Он бранит поэтов, которые «словами нас дарят, какими никогда нигде не говорят», которые составляют речь «совсем необычайну, надуту пухлостью, пущенну к небесам».

Еще в молодости, он, по свидетельству Тредиаковского, порицал поэтов, нарушающих нормы привычного синтаксиса, переставляя слова в фразе по сравнению с обычным порядком.

Сумароков противопоставлял стихи, которые «естеству противны», «сияюще в притворной красоте», полны пустого звука». «Чувствуй точно, мысли ясно, пой ты просто и согласно» - наставляет он свою ученицу в поэзии Е.В. Хераскову, витийство лишнее природе злейший враг», пишет он другому своему ученику, В.И. Майкову. «Ум здравый завсегда гнушается мечты. Коль нет во чьих стихах приличной простоты, ни ясности, ни чистоты, – Так те стихи лишены красоты и полны пустоты». Здесь особенно характерен первый из приведенных стихов: Сумароков «гнушается мечты».

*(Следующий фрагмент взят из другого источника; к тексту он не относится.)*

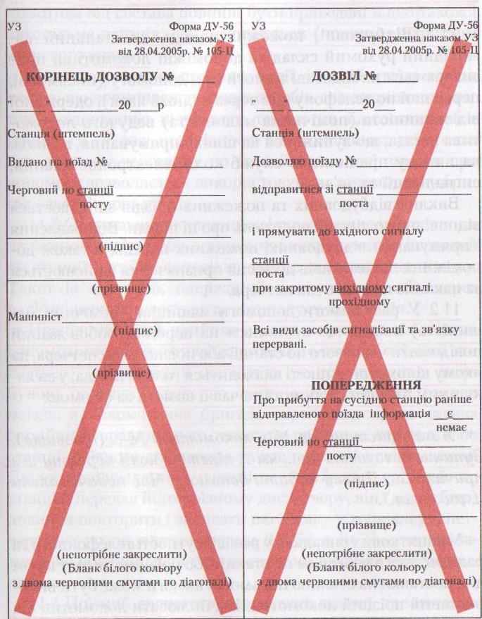 10.2 Правом на занятие поездом перегона при перерыве действия всех средств сигнализации и связи служит разрешение на бланке белого цвета с двумя красными полосами по диагоналям, которое выдается дежурным по станции машинисту (бланк формы ДУ-56).
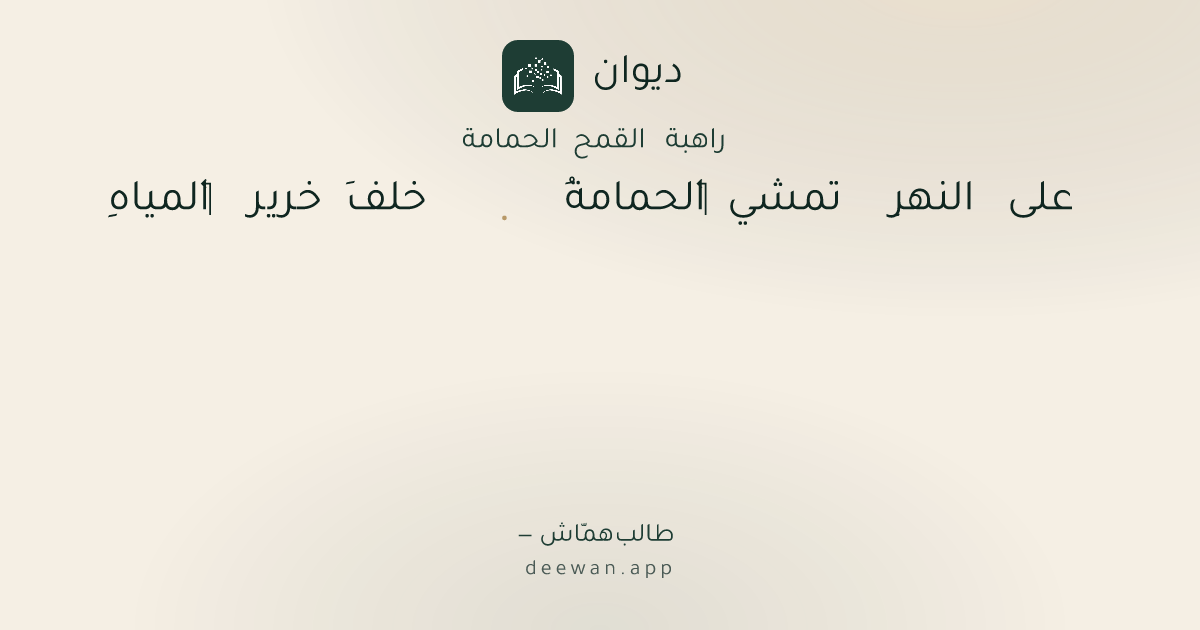 - 1على النهرِ تمشي الحمامةُ◆خلفَ خرير المياهِ

«Многие говорили о архиепископе Феофане, что проповеди его не очень хороши, потому что они просты; что похвальняй естественной простоты, естеством очищенной, и что глупея сих людей, которые вне естества хитрости ищут!» –восклицает Сумароков («К несмысленным рифмо-творцам»). Он иронически советует писателям «в великолепных упражнятися одах», «ибо многие читатели, да и сами некоторые лирические стихотворцы рассуждают так, что никак невозможно, чтобы была ода и великолепна и ясна; по моему мнению, пропади такое великолепие, в котором нет ясности» (там же); здесь почти неприкрытый выпад против Ломоносова и его поэтики. Сумароков стремится к тому, чтобы спрятать весь механизм искусства от глаз читателя. Он настаивает на прямоте мысли в отношении к ее оформлению, так же, как на прямоте языковой нормы по отношению к эстетическому узору. «Языка ломать не надлежит; лучше суровое произношение, нежели странное словосоставление», – говорит он в статье «К типографским наборщикам».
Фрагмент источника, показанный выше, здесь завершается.